··· RECORDS SHOWN
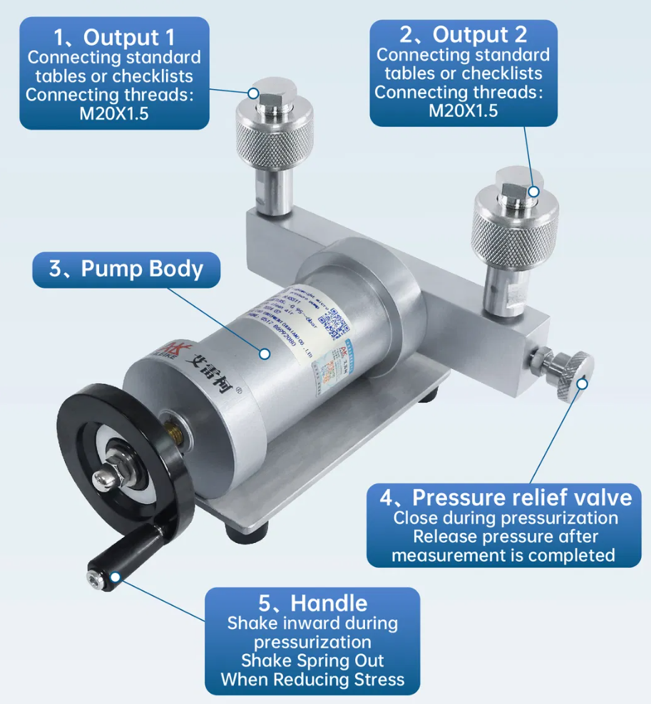 Positive/Negative Pressure Switching Technology: The device generates positive or negative pressure through manual operation of the pressure generation component, allowing for convenient switching between the two modes. During operation, ensure the relief valve is closed to maintain pressure stability; open the relief valve to release pressure after calibration is complete.
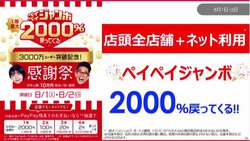 PayPay、支払い金額の最大2,000%が戻ってくる「ペイペイジャンボ」感謝祭
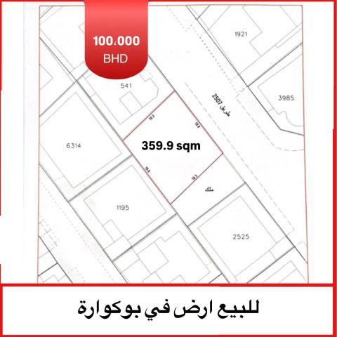 For sale A distinguished land in Bu Quwah (Saraya 2) corner plot on two streets, very strategic location. Area 207.1 SQM. Classification RHA. Price 79500 Bahraini dinars only. Price per square foot 35 dinars. For cash sale only. Location features Direct entrance and exit from the Highway
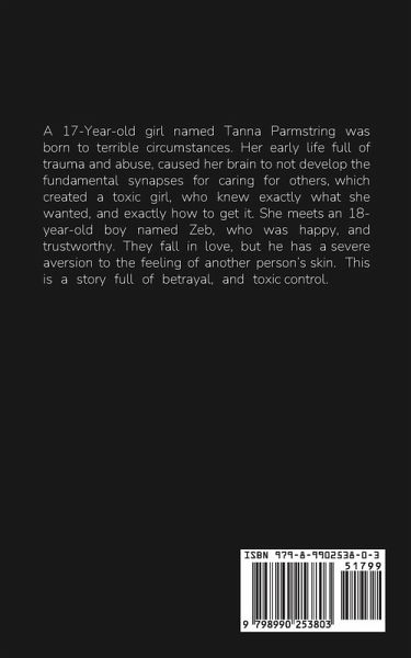 A 17-Year-old girl named Tanna Parmstring was born to terrible circumstances. Her early life full of trauma and abuse, caused her brain to not develop the fundamental synapses for caring for others, which created a toxic girl, who knew exactly what she wanted, and exactly how to get it. She meets an 18-year-old boy named Zeb, who was happy, and trustworthy. They fall in love, but he has a severe aversion to the feeling of another person's skin. This is a story full of betrayal, and toxic control.
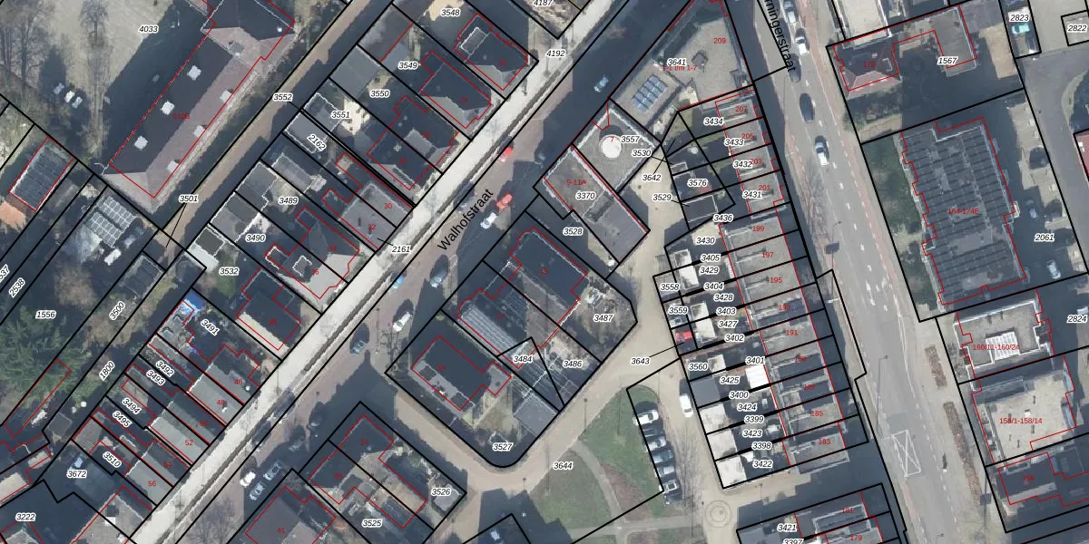 Het perceel waarop Walhofstraat 15 staat heeft een oppervlakte van 344 m². Dit is een groot perceel. De perceeloppervlakte wordt geregistreerd door het Kadaster. Gedetailleerde informatie over de maten van dit perceel kunt u vinden in het rapport Kadastrale kaart met maatvoering van Walhofstraat 15.
······
EXERCISE DESCRIPTION
Copy the listing word for word, excluding its pictures.

RESULT OF THE EXERCISE
 Positive/Negative Pressure Switching Technology: The device generates positive or negative pressure through manual operation of the pressure generation component, allowing for convenient switching between the two modes. During operation, ensure the relief valve is closed to maintain pressure stability; open the relief valve to release pressure after calibration is complete.
 PayPay、支払い金額の最大2,000%が戻ってくる「ペイペイジャンボ」感謝祭
 For sale A distinguished land in Bu Quwah (Saraya 2) corner plot on two streets, very strategic location. Area 207.1 SQM. Classification RHA. Price 79500 Bahraini dinars only. Price per square foot 35 dinars. For cash sale only. Location features Direct entrance and exit from the Highway
 A 17-Year-old girl named Tanna Parmstring was born to terrible circumstances. Her early life full of trauma and abuse, caused her brain to not develop the fundamental synapses for caring for others, which created a toxic girl, who knew exactly what she wanted, and exactly how to get it. She meets an 18-year-old boy named Zeb, who was happy, and trustworthy. They fall in love, but he has a severe aversion to the feeling of another person's skin. This is a story full of betrayal, and toxic control.
 Het perceel waarop Walhofstraat 15 staat heeft een oppervlakte van 344 m². Dit is een groot perceel. De perceeloppervlakte wordt geregistreerd door het Kadaster. Gedetailleerde informatie over de maten van dit perceel kunt u vinden in het rapport Kadastrale kaart met maatvoering van Walhofstraat 15.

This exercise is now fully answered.